# UKAPS fantasy football



## Nelson (21 Jul 2009)

come on all you football supporters and fans.lets see how much you know about football  .
free to do http://rocknrollfootball.fantasyleague. ... Index.aspx

once you've registered and picked your team click enter private league.then enter UKAPS,pin=145.


----------



## Dolly Sprint 16v (21 Jul 2009)

nelson said:
			
		

> come on all you football supporters and fans.lets see how much you know about football  .
> free to do http://rocknrollfootball.fantasyleague. ... Index.aspx
> 
> once you've registered and picked your team click enter private league.then enter UKAPS,pin=145.




Me teams not there - Accrington Stanley   

Regards
Paul.


----------



## Nick16 (21 Jul 2009)

good shout! im in  !!!!!

also it muffed up on my team name so i have emailed them. it returned to the default


----------



## GreenNeedle (21 Jul 2009)

Flyfisherman said:
			
		

> Me teams not there - Accrington Stanley



You stole my line 

'If Saints aren't in it I ain't boverring.

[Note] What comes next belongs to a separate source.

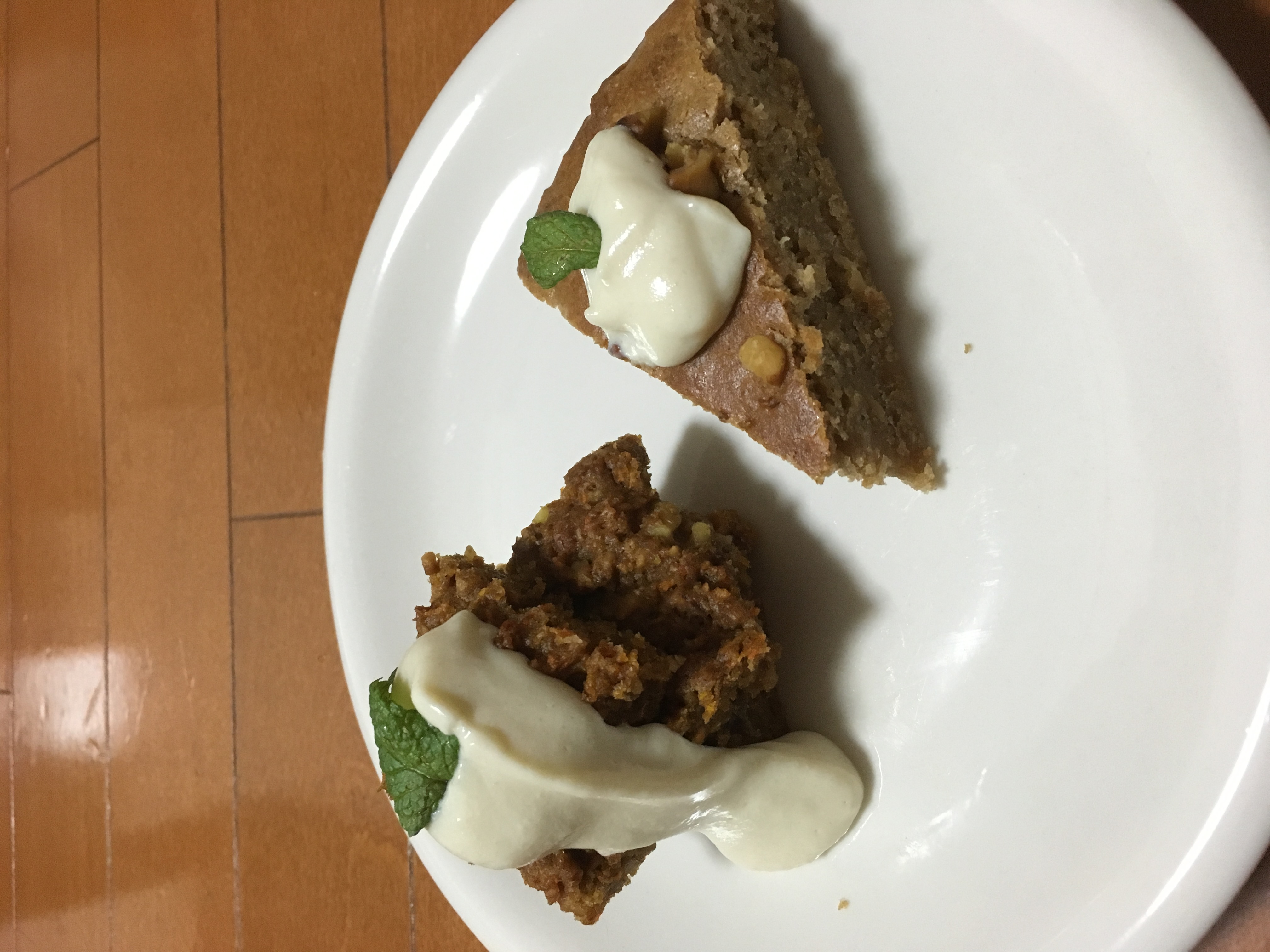 急に秋らしく涼しくなりましたね。暑いと甘いものって冷たいもの以外はあまり食べたくないのですが、そろそろケーキなんかもいいかなぁ、と野菜でケーキを作ってみました。(写真右側の三角形の方です)毎月必ずどこかでごぼうが食べたくなります。不思議~~ちょっとごぼうの風味のするケーキです。ごぼうとナッツのケーキ 豆腐クリーム添え材料(18×6のパウンド型1台分)ごぼう(塩を入れたお湯で茹でてフードプロセッサーで細かくしておく) ■全粒薄力粉 80g■強力粉 60g■ココアパウダー(無糖) 30g■自然塩 一つまみ■シナモンパウダー 小さじ1/2■オールスパイス 小さじ3/4■カルダモンパウダー 小さじ1☆菜種油 40g☆メープルシロップ 50g☆甜菜糖 50g☆豆乳 150cc☆バニラエッセンス 小さじ1くるみ(刻んでおく) 60gミントの葉 適宜1.オーブンを170度に温めておく ボウルに■をふるい入れ泡だて器で混ぜる2.別のボウルに☆を入れ泡だて器でよく混ぜる3.2に3を加え、サックリと混ぜ合わせる。そこに細かくした牛蒡とクルミを加えてサックリ混ぜる 4 .3を型に流し入れ飾り用のクルミをトッピングし170度で30-40分焼く。 串を指して生地が付いてこなければ焼成完了5 .常温に冷まして、豆腐クリームをかけミントを飾れば出来上がり。豆腐クリームは、とても簡単です。材料絹豆腐 1丁甜菜糖 50g(お好みで)メープルシロップ 10g1.絹豆腐1丁をお皿に載せてレンジで4分くらい加熱し水切りします。2.冷めるにしたがってどんどん水が出ます。重石をするとさらに水が抜けます。3.お鍋にお水を30ml位入れて火にかけます。そこに、寒天を少々入れ煮溶かします。4.3に甜菜糖50g(甘さはお好みで)メープルシロップ10gを加え、ゆるい寒天シロップを作ります。5.冷めて粗熱が取れたら、2と4をミキサーかフードプロセッサーに入れ攪拌します。これが基本の豆腐クリームです。寒天は、沢山入れると豆腐プリンになってしまい、クリームでなくなるので注意してくださいね。このクリームに、今回はココナツファインとすりごまを入れてみましたお友達に試食してもらったのですが「ブラウニーみたいでおいしい。」「ナッツが沢山入っていて食べごたえがあるね。」「豆腐クリームには、油が入ってないからどれだけ食べても罪悪感がないよ。」なーんて嬉しいお言葉を頂いちゃいました。次回は、隣のニンジンケーキをアップします

Ya get me '

AC


----------



## Jase (22 Jul 2009)

Count me in Neil   

You can make two teams...


----------



## aaronnorth (22 Jul 2009)

> good shout! im in !!!!!
> 
> also it muffed up on my team name so i have emailed them. it returned to the default



me too


----------



## Nick16 (22 Jul 2009)

i only have the one team, its easier. 

so how come the managers are free?? they normally cost as much as the players!!!!


----------



## Jase (22 Jul 2009)

Nick16 said:
			
		

> i only have the one team, its easier.
> 
> so how come the managers are free?? they normally cost as much as the players!!!!



I'll  just get rid of the worst of the two as we get into the swing of things then


----------



## Nelson (22 Jul 2009)

> by Flyfisherman Â» Tue Jul 21, 2009 8:42 pm
> 
> nelson wrote:
> come on all you football supporters and fans.lets see how much you know about football .
> ...


paul...that brings back memories  .



paul and andy...you can both name your teams what ever you want and get all the players you wished played for them 
nick,jase and aaron now in  .


----------



## LondonDragon (23 Jul 2009)

Speaking of football I have working on my predictions league site again this year as a request from a few people, so when its ready I will publish the link here too, I am not a faw of fantasy football but just of guessing the right scores of the real games.


----------



## Nelson (26 Jul 2009)

come on  .there must be more football fans on here.


----------



## LondonDragon (26 Jul 2009)

nelson said:
			
		

> come on  .there must be more football fans on here.


Yep I am one, just not keen on fantasy football  have a look at my new site  www.predictscores.net


----------



## Superman (26 Jul 2009)

I've done the telegraph one through work, if anyone's out there, I could join their league.


----------



## Nelson (4 Aug 2009)

not long now .

still time to have a go.

nick and aaron..you can change team names now  .


----------



## Jase (25 Aug 2009)

Both of my teams are bottom in the first week   I used to be good at this Fantasy Footy malarky


----------



## Nick16 (25 Aug 2009)

bring it on boys,


----------



## Nelson (26 Aug 2009)

its a marathon,not a sprint  .the season has only just started  .


----------